Gandhi: some ugly truths revealed

Submitted by Matthew on 8 October, 2009 - 11:53 Author: Stuart Jordan

This series got off to a good start as an attempt by the bourgeois establishment to de-sanctify the legacy of Mohandas Gandhi, and strips away some of the mythology surrounding him. The man revealed is an incredibly driven politician, who sacrificed his family, his sexuality, and other earthly pleasures, in pursuit of building a mass movement.

The story of Gandhi’s early life (told in the first of the series) shows a different figure from the saintly ascetic of popular folklore. The documentary tells of the time he left his dying father’s bedside to satisfy the “carnal desires” he later renounced. It also tells of his first foray into politics where he not only took a racist position towards black South Africans and low-caste Indians, but also sold out all of his comrades. For this act of misleadership he was attacked by a supporter on the way out of prison.

Although the documentary rids Gandhi of his halo, the real-life human being it presents still appears to have almost god-like powers. The documentary completely ignores the historic context in which Gandhi lived. Apart from admitting to some influence by the radical vegetarian scene in London, Gandhi is presented as a figure outside of history who, through force of will-power and satyagraha (literally, grasping the truth), singlehandedly brings down the British Empire. If you believe this story, Gandhi is a deus ex machina, born into a political vacuum to bring forth an army of activists.

In South Africa, where he started his political life as a lawyer for Durban’s Indian merchant class, Gandhi is portrayed as creating a 9,000-strong movement of arrestable non-violent activists from scratch within a matter of weeks. No doubt the man was a talented political organiser and orator, but a truly secular account would have shown history making the man, rather than the man making history.

It is no surprise that Gandhi’s political career starts among the merchant class of South Africa. Here Gandhi develops his own form of reactionary petty-bourgeois socialism that finds no end of support in the upper echelons of the Indian bourgeoisie.

Contrary to the Great Man of History portrayal, Gandhi was very much a product of his time, part of a new movement among India’s intelligentsia. They sought a pan-Indian identity based on One World, One God neo-Hinduism and recoiled from the exploitation and alienation of modern capitalism. The documentary makes the bold comparison between his doctrine and modern jihad.

Nowadays, Gandhi’s political doctrine of non-violence is taught in schools across the world as an example of how the weak can overcome the strong. However, this rendering of history is a fiction. The British left India for economic reasons, not because they were ground down by decades of satyagraha. It was the militant working class (which Gandhi condemned) and the revolutionary peasantry that played the bigger part in the British decision to leave.

Gandhi’s tactics were a failure, born of a failed political doctrine which was not sufficiently secular to prevent the millions slaughtered in Partition. Nor was it sufficiently anti-capitalist to prevent the future millions from dying in India’s slums.

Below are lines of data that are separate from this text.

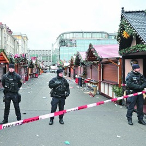 12月21日,警察在德国马格德堡发生袭击事件的圣诞市场警戒。新华社发
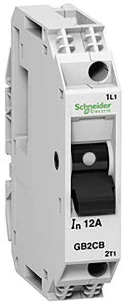 TeSys GB megszakító, 1 pólusú, 8A/250V, IEC/277V UL, ipari vezérlőáramkörök védelmére. Termomágneses védelmet kínál 108 A (13-14 In) mágneses kioldási szinttel és Icu 1. kA@240V megszakítóképességgel. Kompakt készülék (15 mm széles) billenőkar vezérléssel és DIN sínre gyors rögzítéssel. Több szabványnak is megfelel (IEC, UL, CSA, NEMKO) és Green Premium (RoHs/Reach).
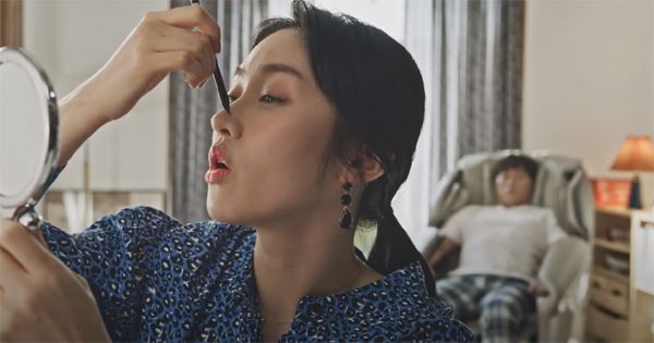 거울로 빨려 들어갈 듯 집중하는 아내, 코 위에 점을 하나 찍고 “요고~요고~ 누구 닮았지?”라고 묻는다. 안마기 위에 올라 앉아 휴식을 취하던 남편은 급 정색을 하더니 “장인어른?”이라고 되묻는다.
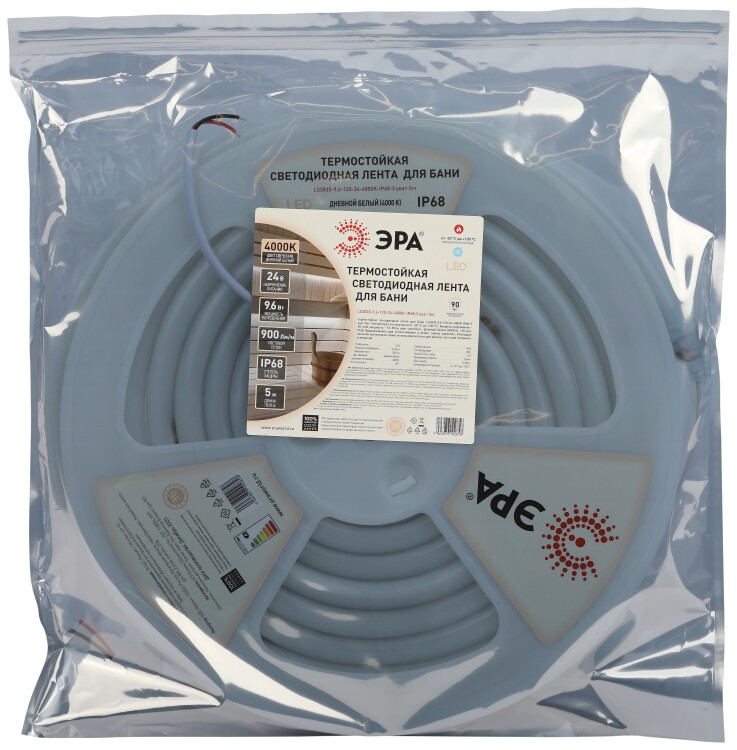 Термостойкая светодиодная лента LS2835-9,6-120-24-4000K-IP68-3 year-5m со степенью защиты от пыли и влаги IP68 – современный способ создания подсветки и освещения в банях и саунах. Светодиодная лента предназначена для эксплуатации при температурах от -30 С до + 100 С. Легко и быстро устанавливается на любой поверхности с помощью крепежей, которые есть в комплекте со светодиодной лентой. Светодиодная лента не требует пайки. Для подключения можно использовать коннектор Б0062253 - LS-connector-15mm-D-IP68-bath. Рабочее напряжение ленты составляет 24 В, а мощность равна 9,6 Вт/м. Светодиодная лента обладает световым потоком 900 лм/м с дневным белым цветом свечения (4000 К). Угол рассеивания 360.ВНИМАНИЕ: термостойкую светодиодную ленту с напряжением 24В допустимо подключать последовательно отрезками не более 5 м. Во избежание выхода из строя не допускается длительная работа ленты в смотанном виде.
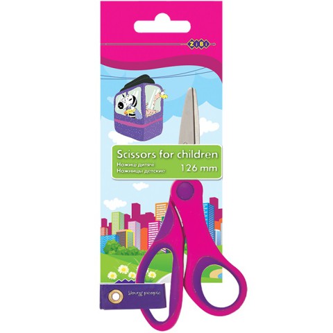 Ножиці дитячі, 126 мм, пластикові ручки із гумовими вставками, рожевий
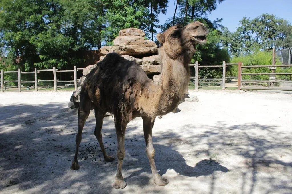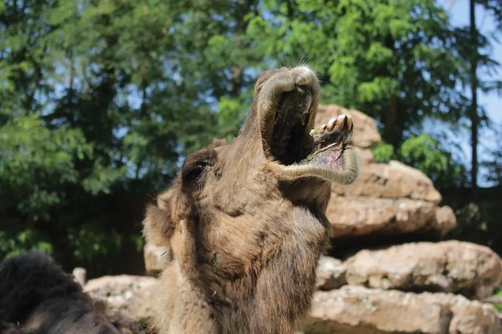 La Flèche, jeudi 8 août 2024. Un petit sourire ! Des dromadaires occupent l’ancien enclos des girafes depuis cet été au zoo de La Flèche. © Le Maine Libre
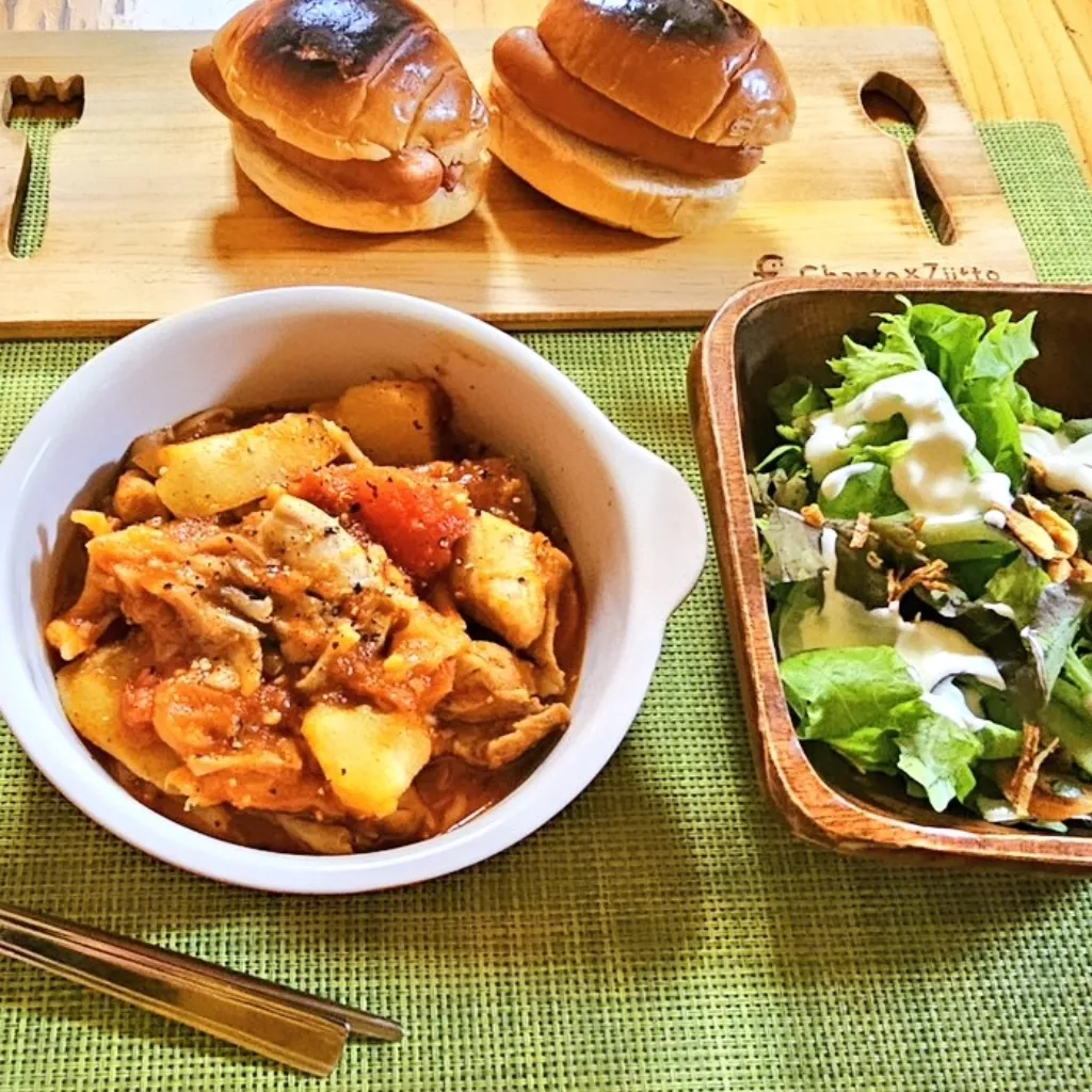 「レタスのヨーグルトマヨ、フライドオニオン、
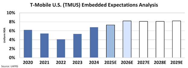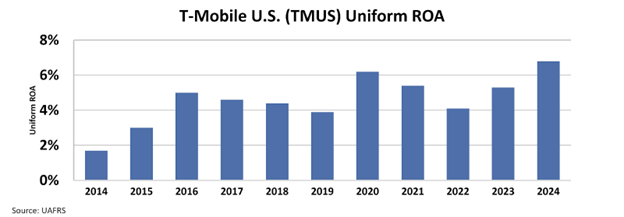 T-Mobile’s Uniform return on assets “ROA” has been mostly around cost of capital levels for nearly two decades, before reaching 7% in 2024, driven by synergies with Sprint and improved operations.
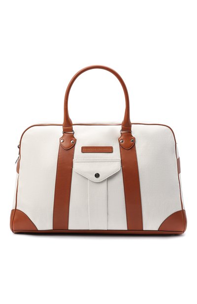 Белую дорожную сумку Urban сшили из плотной холщовой ткани. Ее, как и саму подкладку, обработали водоотталкивающим составом, поэтому такая модель защищает вещи от влаги и легко очищается от загрязнений. Основной материал противопоставили вставкам из коричневой гладкой кожи. Эти детали играют не только эстетическую роль, но практичную роль — делают изделие прочнее. Для смартфона и ключей снаружи предусмотрели два плоских кармана.
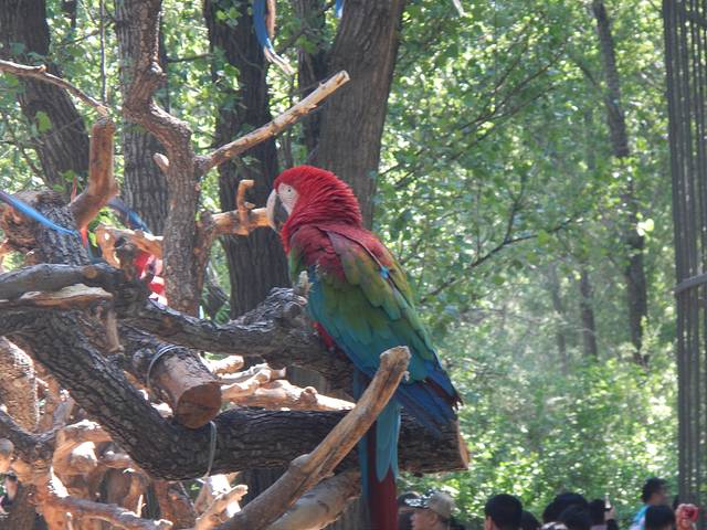 大鹦鹉很炫,呆呆地站在树桩上。
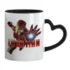 Ironman, Κούπα καρδιά χερούλι μαύρη, κεραμική, 330ml

Gandhi’s story is not one of a hero singlehandedly fighting British imperialism. It is the story of a petty-bourgeois leader, bolstered on the shoulders of the Indian aristocracy. His crackpot political philosophy and leadership must bear some responsibility for the bloody massacre of Partition. He was the perfect leader for the Indian bourgeoisie, who were quite happy to entertain his self-flagellating philosophy, so long as he kept a lid on the mass movement. Much of his authority rested on the near deification he accorded himself in his “praxis of Truth”.

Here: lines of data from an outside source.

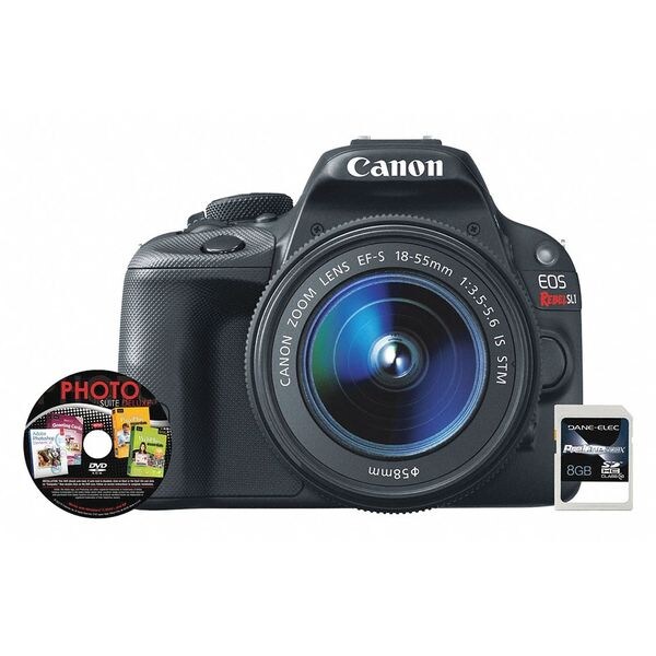 Digital Camera Kit, Digital, 18 Megapixels, 65X Optical Zoom, 1140X Digital Zoom, LCD Size 3 in, Lens Focal Length 28 to 224mm, Focus Range Up to 30 ft, Flash Range 1.6 to 18 ft, Film Yes, Resolution 5184 x 3456, Media Type SD, SDHC, SDXC Memory Card, Includes EF-S 18-55mm Lens, Photo Suite Deluxe Software, 8 GB SDHC Card, Lithium-Ion Battery Pack, Battery Charger, Eyecup EF, Cover, Wide Strap, USB Interface Cable
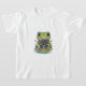 Capture a moment of pure charm with this delightful artwork featuring a tiny, enthusiastic nature photographer. The illustration centers on a bright green, wide-eyed frog standing proudly on a small island patch. Dressed in cute blue shorts, this amphibian shutterbug grips a detailed, retro-style silver and brown camera with both hands, ready to take the perfect shot. The serene pond setting includes floating lily pads, a blooming pink lotus flower, and tall cattails swaying in the background, all rendered in a vibrant, clean cartoon style that highlights the joy of exploration.
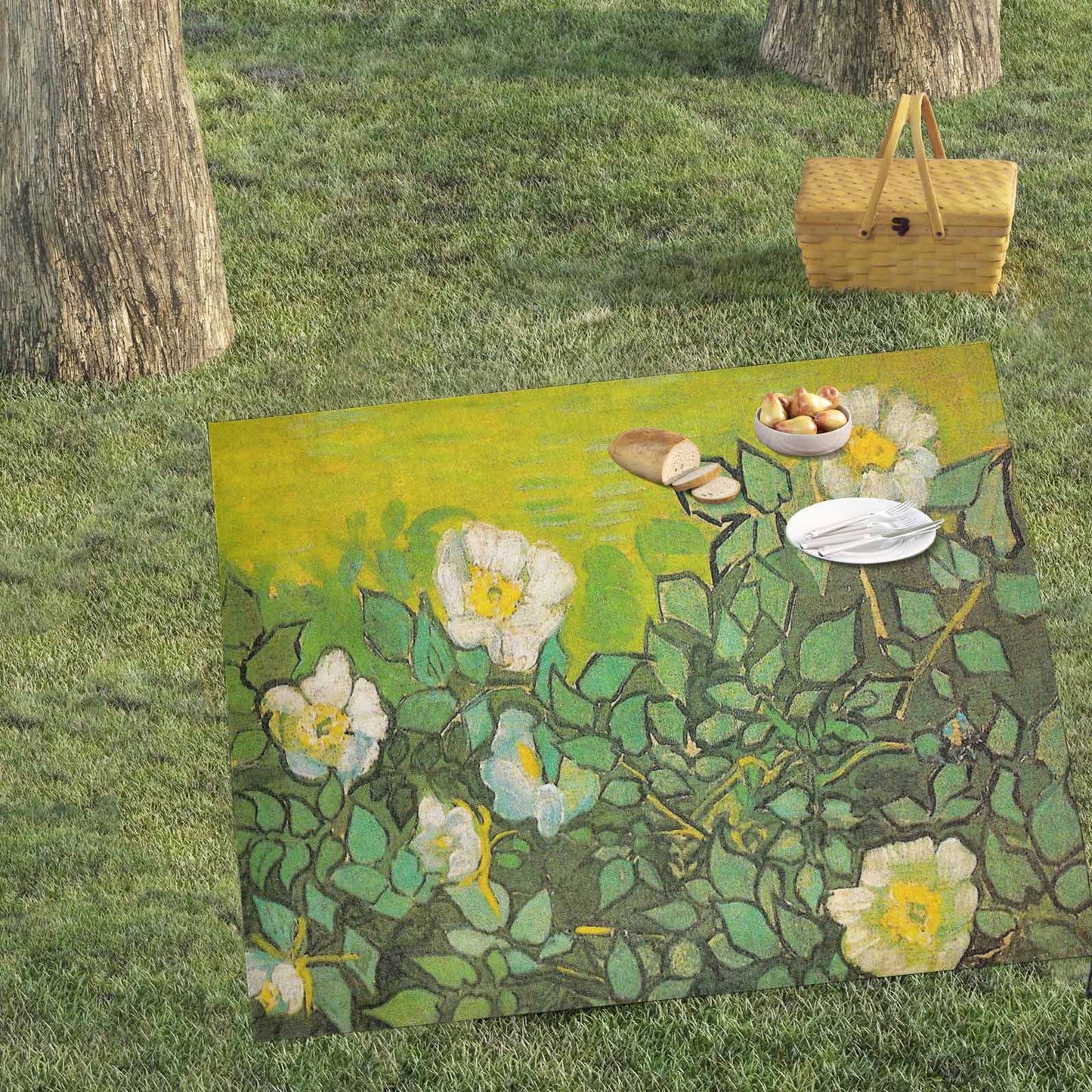 Vintage Floral waterproof picnic mat, 61 x 55in, Design 01

Gandhi synthesised the theological teachings of Jesus and the ancient Hindu sages and thought he had discovered an ancient truth about how to bring about change. But far from rolling back history’s web of illusions to uncover timeless truth, Gandhi was a pawn in the game of global capitalist development. His continued legacy is due to the fact that he never really posed a threat to the continued exploitation of the sub-continent.

For the BBC’s part, they take God out of the picture, only to champion Gandhi as a flawed but heroic leader of the oppressed, tapping a deep vein of historic truth. An accurate history would have to acknowledge the hundreds of thousands of activists he misled and the hundreds of thousands of workers and peasants that fought their own battles in defiance of his leadership. It would also have to do some honest accounting about the terrors of British colonialism and the abject failings of post-independence India.